Sentivo che non potevo vendere quella casa, quindi la lasciai lì. Era sporca di natura, forse perché era rimasta vuota. Mi guardai intorno in silenzio. Ero sempre stata a casa mia, ma non avevo mai visto quella di Jihoon così. Entrando in camera da letto, un odore familiare, forse ancora persistente, raggiunse il naso di Soonyoung.




".... Che cosa."




✔Facciamo la confessione finale a casa nostra





Confessione... Mi sono fermato alla sesta confessione. C'erano ancora quattro possibilità di confessarsi, ma non le ho sentite. Ho guardato la scrivania dove c'erano i fiori quasi appassiti. Ho aperto il cassetto, ma c'erano solo medicinali. L'ho fissato per un attimo, poi sono andato nel ripostiglio adiacente.

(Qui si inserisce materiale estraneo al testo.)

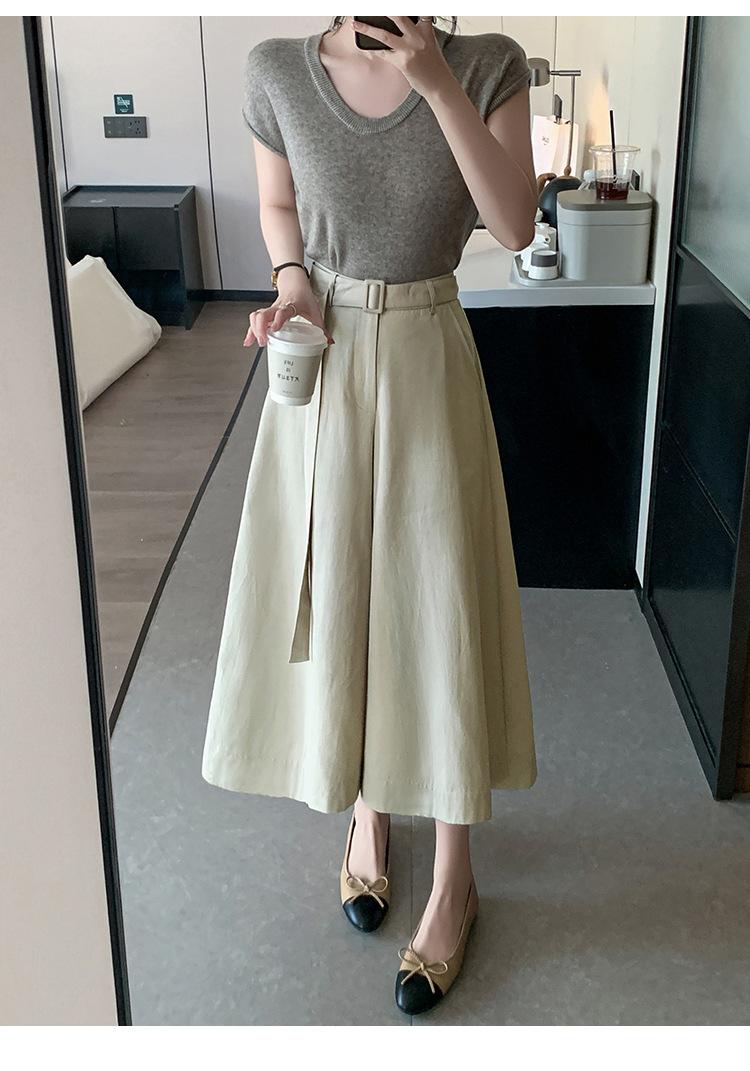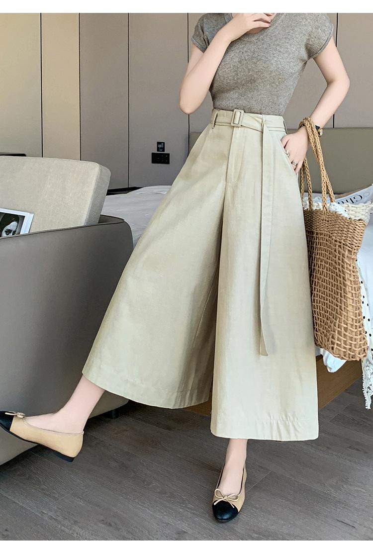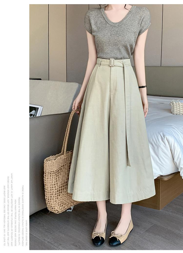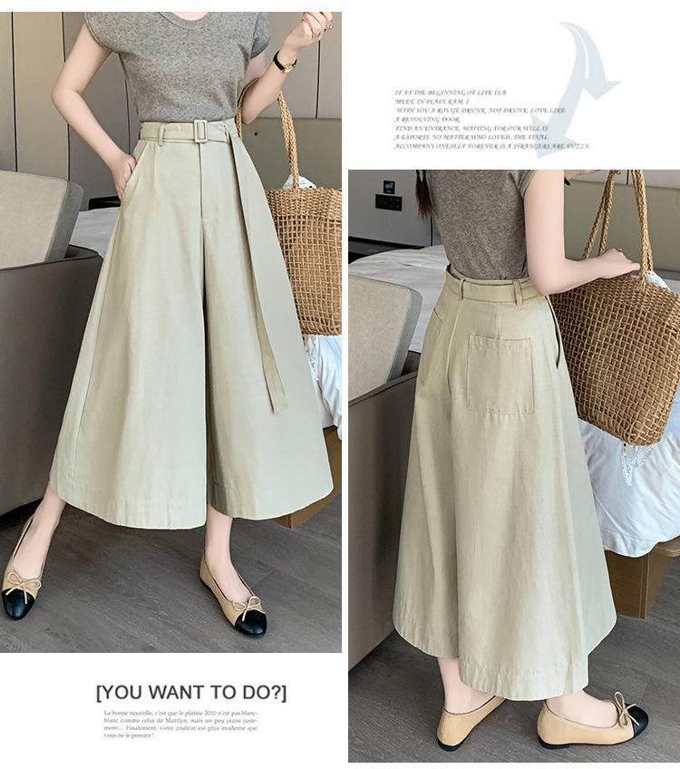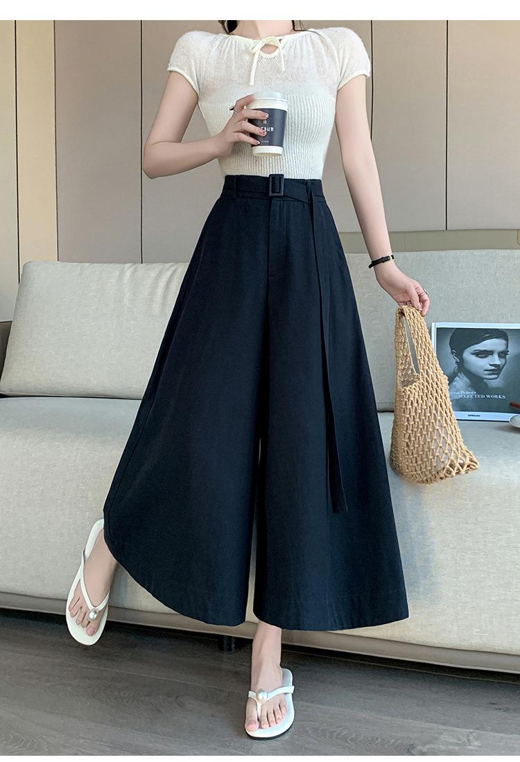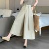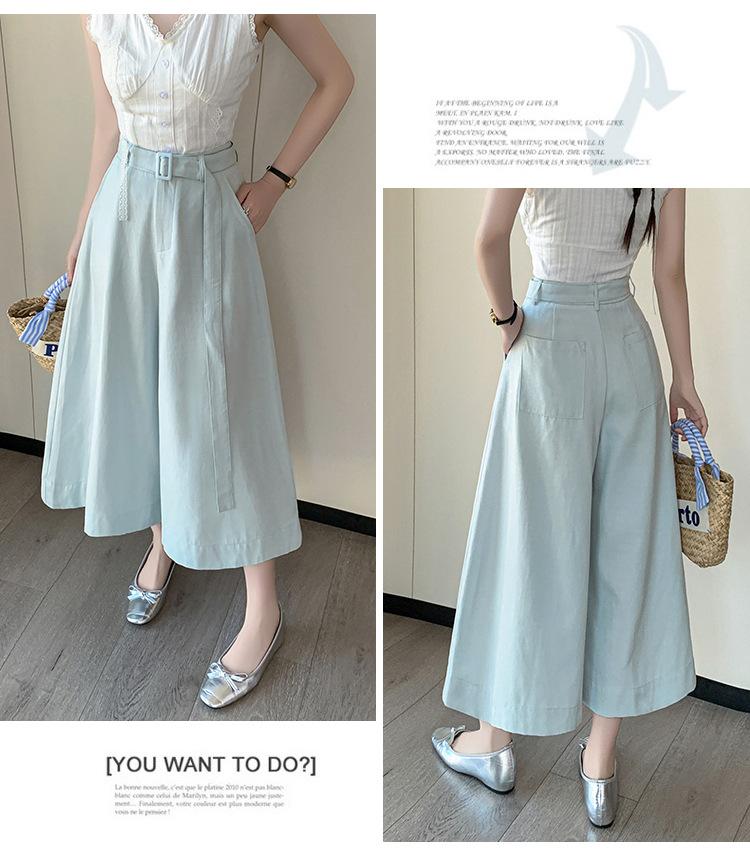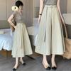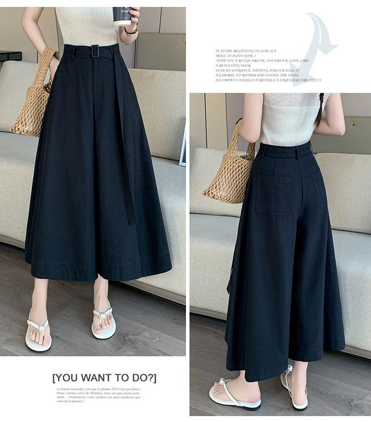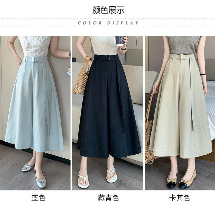 Foto Real Verano 2025 Pantalones Casuales Nuevos Diseño Adelgazante Sentido Cintura Alta Pantalones 7/8 Sueltos Gran Vuelo Pierna Ancha Falda Pantalón Línea A para Mujer

Non c'erano vestiti veri nella lavatrice. Erano tutti strappati e macchiati di rosso.







Soonyoung uscì di casa e percorse il sentiero che spesso percorreva con Jihoon. Un lieve sorriso le attraversò il volto mentre i ricordi riaffioravano. Poi entrò in un bar lì vicino, ordinò da bere, si sedette e accese il telefono.







_Jihoon


_Sai cosa?


_È già novembre


_Il tuo compleanno è a novembre


_È oggi?


È già il 22 novembre


_È per questo?


_Continuo a pensare a te oggi e mi sta facendo impazzire


_Me Oggi ho lasciato il lavoro e sono uscito.


_Voglio celebrare un funerale per te


_Più tardi ho chiesto alla squadra dell'obitorio e...

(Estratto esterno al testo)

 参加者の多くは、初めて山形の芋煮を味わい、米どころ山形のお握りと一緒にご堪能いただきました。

Seungkwan ha affermato che sembrava che l'organizzazione avversaria fosse già stata eliminata.


_Quindi vivo solo con quella sensazione di rimpianto


_Che tipo di torta dovrei comprarti?


_Ti piacevano le fragole e il cioccolato, vero?


_Va bene la torta con panna montata e panna montata sopra?


_Dovrei comprarlo e andare a mangiarlo lol


_Oggi è il tuo giorno, quindi buona giornata


_Ti amo Jihoon








_"Fratello, cosa stai facendo?"



_"Oh, sono Seung-gwan. È da tanto che non ci vediamo."




_"Okay!! Ahah, ci vediamo oggi?"




_"Okay, bene. Dove ci incontriamo?"




_"Ehm... Allora ecco...!"





















Jihoon, come va lì?


Non sei più malato? Sei sano?




Fa male, ma non essere triste, ti amo.



Anche se lo dico 100 volte, 1000 volte, non verrà trasmesso tutto



Grazie, mi dispiace e ti amo, Jihoon





























Ciao! È da un po' che non ti faccio visita.